Se puede decir: “Creer significa decir amén a Dios, afianzarse y basarse en él. Creer significa dejar a Dios ser totalmente Dios es decir, reconocerlo como la única razón y sentido de la vida…..” “En la fe, el hombre es salvado de su carencia de apoyo…. Del vacío de su existir. En la fe recibe el hombre la posibilidad de aceptarse a sí mismo, porque ha sido aceptado por Dios” (W. Kasper)
No hay que olvidar sin embargo que la experiencia mística, forma eminente de la realización del creer, es a la vez segura como ninguna otra, pero nunca pierde su connatural oscuridad “Que bien sé yo la fonte que mana y corre, aunque es de noche” (san Juan de la Cruz). Certidumbre e incertidumbre se manifiestan en una estrecha relación. (Pag. 38,39,40,41)
CREER CRISTIANAMENTE.
Jesucristo iniciador y consumador de nuestra fe.
Dios está presente en todos los seres humanos, y lo está permanentemente. Sin su presencia no podría existir. El Vaticano II lo recuerda: “Dios da a todos los hombres un testimonio duradero de sí mismo en las cosas creadas” (Dei Verbum 3). La historia religiosa de la humanidad es el testimonio de la “búsqueda a tientas” que esa Presencia ha suscitado en todos los seres humanos, de las respuestas que estos le han ido dando, de las representaciones de Dios a que han llegado y de los nombres con los que la han invocado.
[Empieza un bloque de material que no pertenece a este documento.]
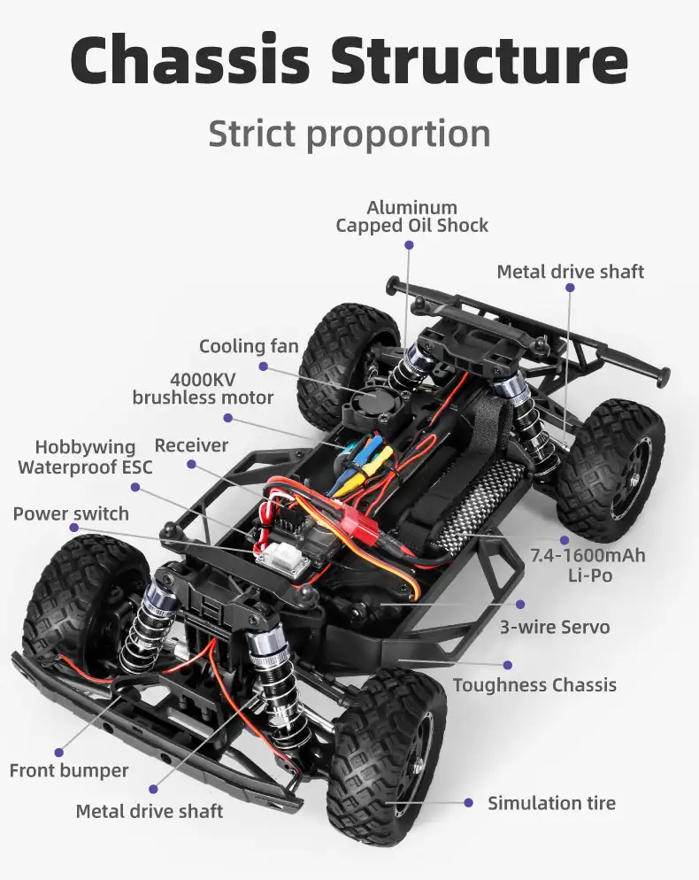 Electrónica avanzada: ESC sin escobillas independiente y sistema de radio de 2,4 GHz con un alcance de más de 150 metros.

Los cristianos vivimos en una tradición que reconoce en Jesús el rostro de Dios, la imagen personal del Dios invisible: “A Dios no le ha visto nadie jamás; el Hijo Unigénito, que está en el seno del Padre, él lo dio a conocer” (Jn 1,18)
Jesús no es solo un profeta. No solo habla de Dios, es la Palabra de Dios hecha hombre; revela personalmente a Dios. Es la parábola viviente de Dios. A través de su vida y sus enseñanzas nos revela a Dios, no desvelando el Misterio que es Dios; sino revelándonoslo como Misterio.
Para asegurar y discernir la rectitud de nuestras representaciones de Dios, los cristianos disponemos de un criterio seguro: mirar a Jesús “imagen de Dios invisible”, en quien reside la plenitud de la divinidad. (Pag. 40,41,42,43)
El Dios de Jesucristo, un Dios revelado en forma de debilidad.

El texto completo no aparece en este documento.